Sairah slowly approached the glass office in the middle of the fourth floor and watched as Greg paced the conference room to a table of doctors. On the white board, written in shorthand, were symptoms and their progression. He caught her eye and motioned her to enter. That took barely thirty minutes, he thought.

"The next person who says lupus is going to be fired," he warned.

"But it fits!" A brunette argued from her seat at the table.

"Lupus fits everything, doesn't mean everything is lupus! Come on, people, I don't pay you to look pretty."

Sairah hung back near the doorway, the doctors too busy in their differential to notice a foreign presence. Greg finally turned to her and extended a hand.

"Sit. Make yourself useful." She did as he asked, but not before going to the coffee pot to pour herself some coffee.

"I need to see the file, please," she requested, once she settled in to her seat. House motioned to the African-American doctor seated at the end of the table, who tossed her his copy of the case file.

"Blood work?"

"As soon as we rule out some things," the same doctor answered.

"Symptoms?" House nodded to another short, balding doctor.

"Headache, rapidly worsening nausea and vomiting, upper abdominal pain, tenderness on the right side. Oh, and female, thirty one years old, twenty seven weeks pregnant."

"Options?"

"Foreman thinks it's hepatitis, Thirteen thinks it's gall bladder disease, I don't agree with either, but I'm not allowed to talk since I haven't come up with a better idea."

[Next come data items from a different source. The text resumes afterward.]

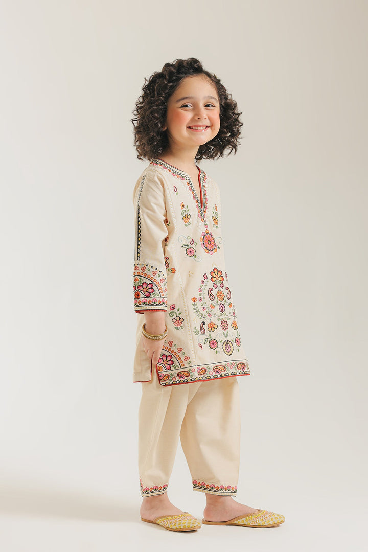 Bring festive flair to your little one's wardrobe with this gorgeous embroidered suit. The charming off-white kurta is a masterpiece of vibrant artistry, adorned with richly colored floral and paisley embroidery in shades of red, orange, pink, and green that beautifully adorns the front, and sleeves. The ensemble is perfectly completed with comfortable, straight-fit shalwar in a matching light beige, creating a bright and captivating traditional look.
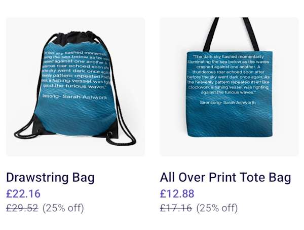 Hi everyone, just to let you all know that I now have a Redbubble shop where you can buy some merchandise with my art on it. Some of it is related to my book Sirensong.
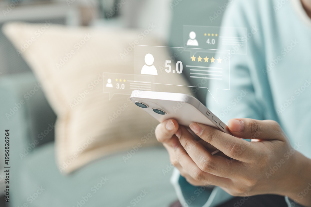 Customer reviewing service on smartphone with five star rating interface representing customer satisfaction, feedback system, online reviews and service evaluation. #1956826964
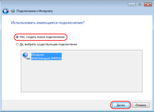 6. Если на компьютере ранее уже было создано PPPoE подключение, то выскочит данное окно. Поставить точку на «Нет, создать новое подключение», нажать «Далее».
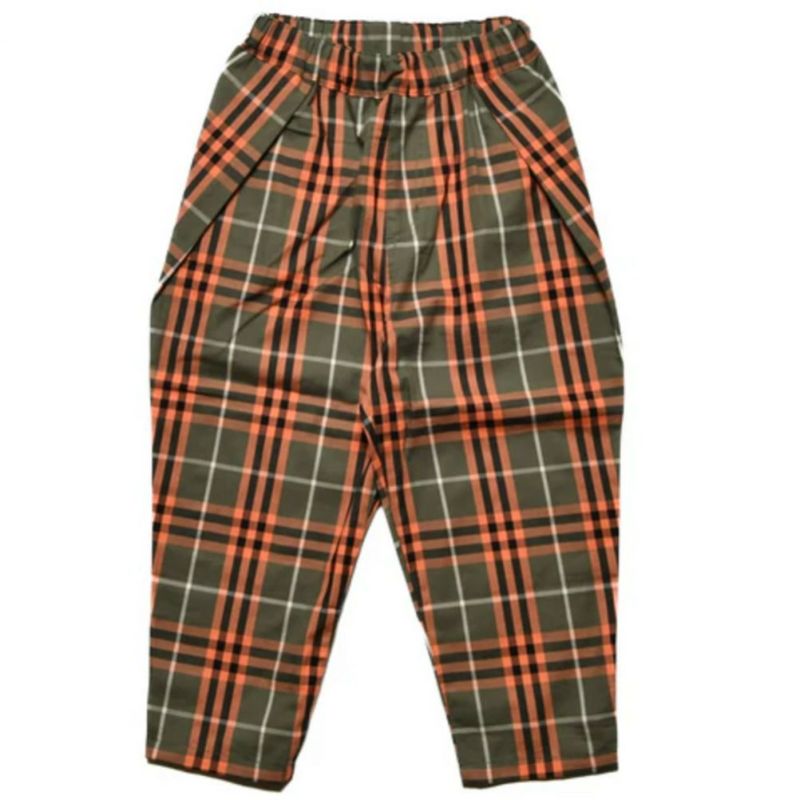 “オフィシャルチーム”のチェック柄タックワイドパンツ

"Do me a favor, get another ultrasound," she said, sitting back into the chair and getting into doctor mode. "And while you're at it, liver enzymes, and a platelet count, and look at the blood through a microsope." She directed her comments at Greg.

House stared her, and cocked his head before smirking.

"Should have known you'd join the gyne- squad," he said amusedly.

"Yeah, you know, on account of life being all puppies and rainbows and pink things over there," was the reply.

His eyes crinkled at her in amusement before he turned to his team.

"You heard the lady," he said. They scrambled out of their chairs before the pretty brunette stopped and turned around, causing the other two to stop as well.

"Remy Hadley, internist, but everyone calls me Thirteen," she said. Sairah rose, smiling at the other doctor and extending her hand.

"Sairah Khan, OBNN," she began, "pleasure, Dr. Hadley. I don't have any interesting nicknames, but everybody calls me either Sairah or Khan."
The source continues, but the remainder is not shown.